BEGIN
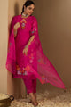 Magenta embroidered Kurta with Trousers with dupatta
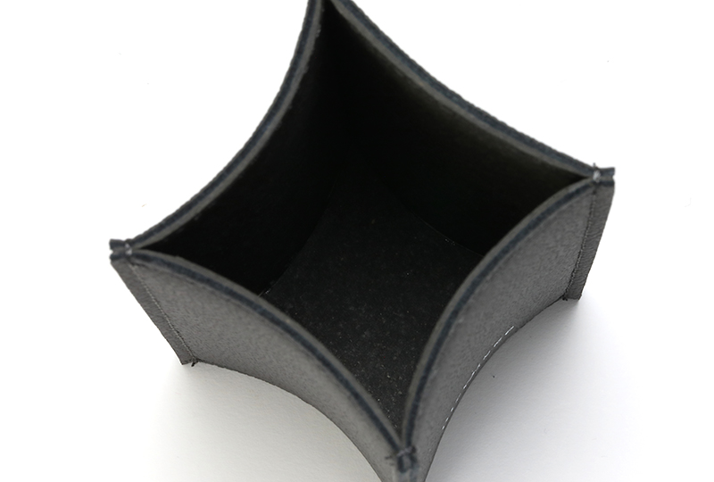 しかし、このRECYCLE LEATHER EYEWEAR STANDは、従来の概念を覆すデザインを採用した。側面が内側に向かって反るような、独特の曲線を描いているのだ。
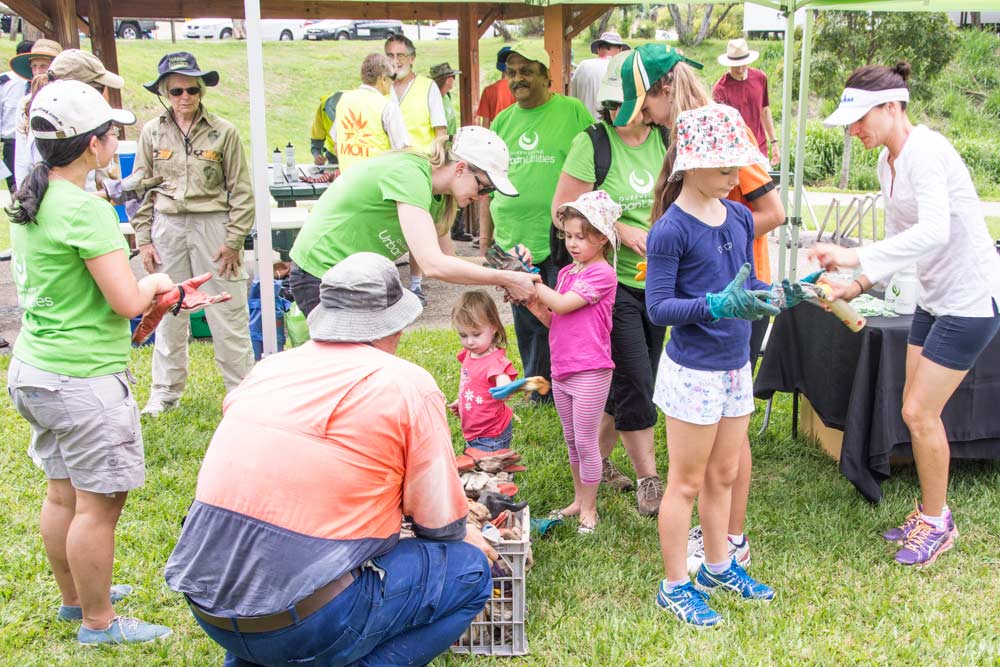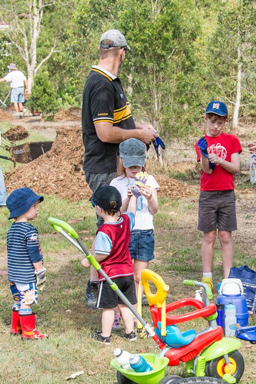 Young children at the QUU activity are helped to wear the proper hand protection before they are allowed to plant (23 November 2013) |
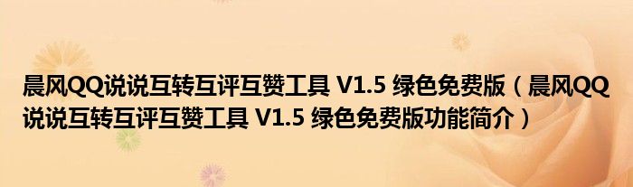 导读 大家好,关于晨风QQ说说互转互评互赞工具 V1 5 绿色免费版,晨风QQ说说互转互评互赞工具 V1 5 绿色免费版功能简介这个很多人还不知道,小
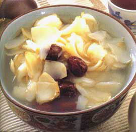 能生津、润燥、清热、化痰。古代医家多用之于食道癌、贲门癌和胃癌。如《滇南本草》云:“治胃中痞块食积。”《本草求原》也曾介绍:“治学业衰少,渐成噎嗝;梨汁同人乳、蔗汁、芦根汁、童便、竹沥服之。”《圣济总录》中还有一便方: “治反胃转食,药物不下; 大雪梨1个,以丁香15粒刺入梨内,湿纸包四五重,煨熟食之。”由于里所含的胡萝卜素、维生素B2、维生素C等都具有一定的防癌抗癌作用,所以梨还适宜鼻咽癌、喉癌、肺癌患者服食。
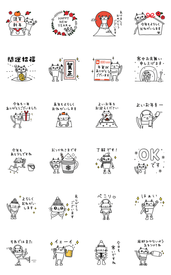 | スタンプ説明 | 冬と年末年始に使えるスタンプです♪ 敬語/ネコ/ねこ/毎年使える/大人/あけおめ/かわいい/気遣い/日常/挨拶/お正月/あいさつ(※期間限定だったスタンプの再販です) |
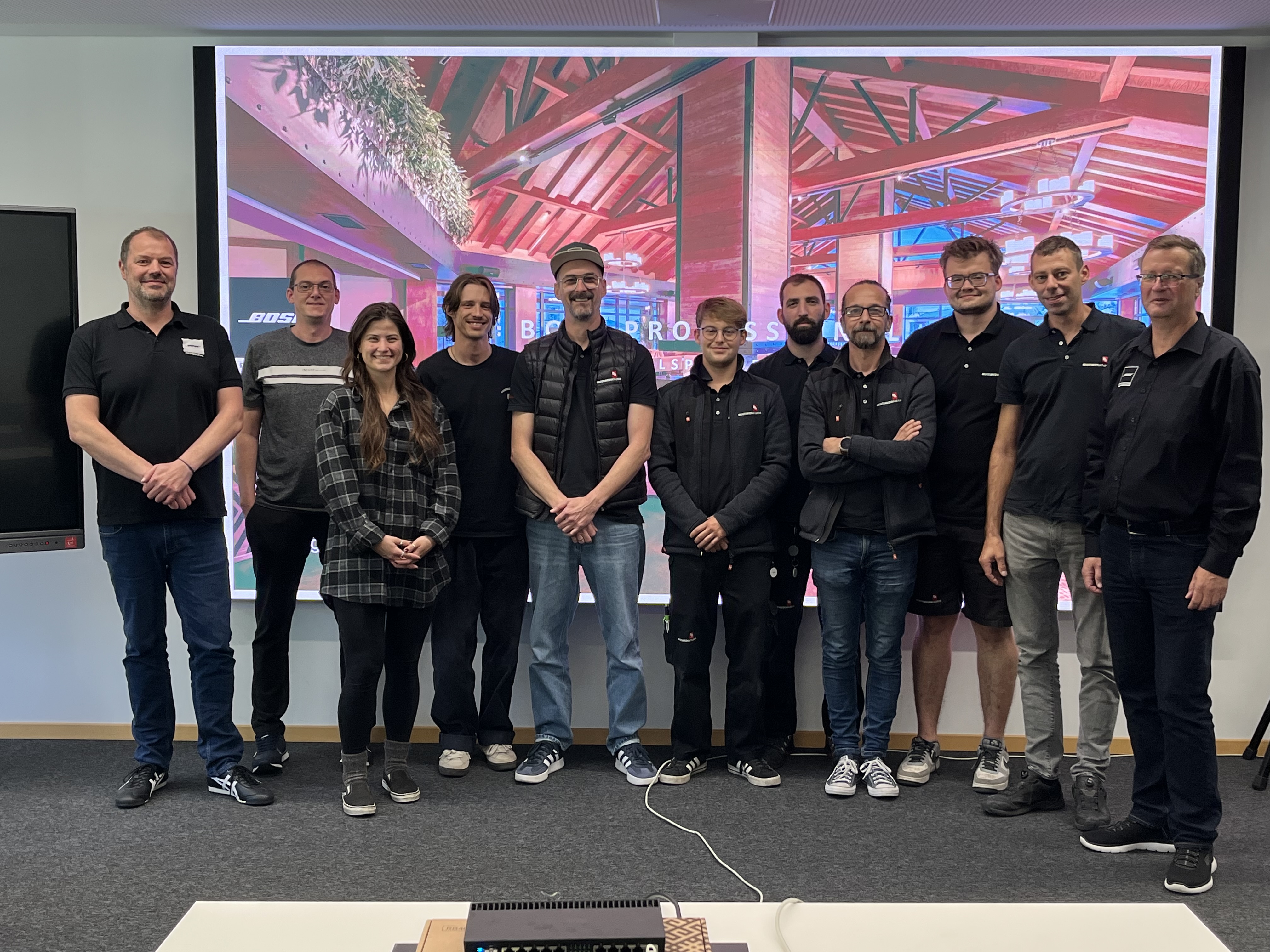 Unsere Techniker Serdar, Linus, Shawn, Marco, Anton und Zelimir waren begeistert und nahmen am Abend ihr wohlverdientes „BOSE Advanced Programmer Zertifikat“ entgegen. Damit können wir BOSE Systeme künftig noch besser, schneller und präziser einrichten. Das stärkt unsere Medientechnik-Kompetenz und schafft klare Vorteile für unsere Projekte und unsere Kundinnen und Kunden.
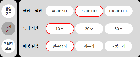 가이드라인에 맞춰 정면을 보고 선 뒤, 카메라 버튼을 누르면 촬영이 시작돼요.얼굴의 모든 방향이 촬영되도록 10초 동안 천천히 회전해주세요.
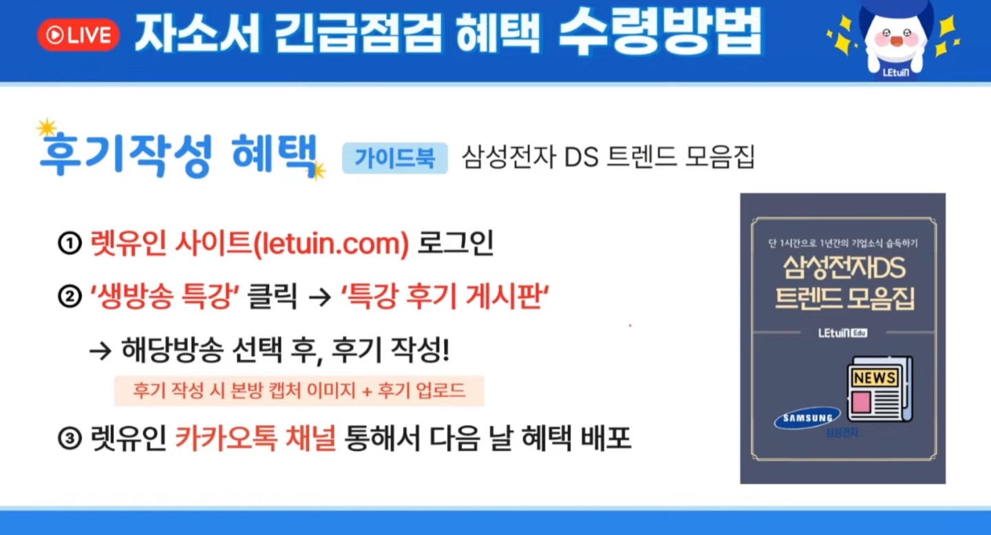 상반기 채용에 대한 전반적인 내용, 삼전 이슈, 자소서 작성전략에 대해 알 수 있었습니다.
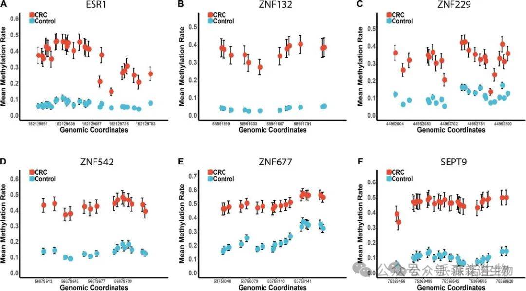 为筛选更稳定的结直肠癌(CRC)诊断候选基因,本研究整合了验证队列1和验证队列2的数据集。如图6所示,ZNF132的诊断能力(敏感性=0.83,特异性=0.97,AUC=0.93)显著优于其他基因,包括SEPT9(敏感性=0.83,特异性=0.87,AUC=0.91)。此外,ESR1的诊断能力(敏感性=0.78,特异性=0.97,AUC=0.91)与SEPT9相当,表明这两个基因在CRC液体活检中具有重要潜力。
END
**REQUIRED ACTION**
Return the complete material exactly as given, excluding images.

**SOLUTION**
 Magenta embroidered Kurta with Trousers with dupatta
 しかし、このRECYCLE LEATHER EYEWEAR STANDは、従来の概念を覆すデザインを採用した。側面が内側に向かって反るような、独特の曲線を描いているのだ。
 Young children at the QUU activity are helped to wear the proper hand protection before they are allowed to plant (23 November 2013) |
 导读 大家好,关于晨风QQ说说互转互评互赞工具 V1 5 绿色免费版,晨风QQ说说互转互评互赞工具 V1 5 绿色免费版功能简介这个很多人还不知道,小
 能生津、润燥、清热、化痰。古代医家多用之于食道癌、贲门癌和胃癌。如《滇南本草》云:“治胃中痞块食积。”《本草求原》也曾介绍:“治学业衰少,渐成噎嗝;梨汁同人乳、蔗汁、芦根汁、童便、竹沥服之。”《圣济总录》中还有一便方: “治反胃转食,药物不下; 大雪梨1个,以丁香15粒刺入梨内,湿纸包四五重,煨熟食之。”由于里所含的胡萝卜素、维生素B2、维生素C等都具有一定的防癌抗癌作用,所以梨还适宜鼻咽癌、喉癌、肺癌患者服食。
 | スタンプ説明 | 冬と年末年始に使えるスタンプです♪ 敬語/ネコ/ねこ/毎年使える/大人/あけおめ/かわいい/気遣い/日常/挨拶/お正月/あいさつ(※期間限定だったスタンプの再販です) |
 Unsere Techniker Serdar, Linus, Shawn, Marco, Anton und Zelimir waren begeistert und nahmen am Abend ihr wohlverdientes „BOSE Advanced Programmer Zertifikat“ entgegen. Damit können wir BOSE Systeme künftig noch besser, schneller und präziser einrichten. Das stärkt unsere Medientechnik-Kompetenz und schafft klare Vorteile für unsere Projekte und unsere Kundinnen und Kunden.
 가이드라인에 맞춰 정면을 보고 선 뒤, 카메라 버튼을 누르면 촬영이 시작돼요.얼굴의 모든 방향이 촬영되도록 10초 동안 천천히 회전해주세요.
 상반기 채용에 대한 전반적인 내용, 삼전 이슈, 자소서 작성전략에 대해 알 수 있었습니다.
 为筛选更稳定的结直肠癌(CRC)诊断候选基因,本研究整合了验证队列1和验证队列2的数据集。如图6所示,ZNF132的诊断能力(敏感性=0.83,特异性=0.97,AUC=0.93)显著优于其他基因,包括SEPT9(敏感性=0.83,特异性=0.87,AUC=0.91)。此外,ESR1的诊断能力(敏感性=0.78,特异性=0.97,AUC=0.91)与SEPT9相当,表明这两个基因在CRC液体活检中具有重要潜力。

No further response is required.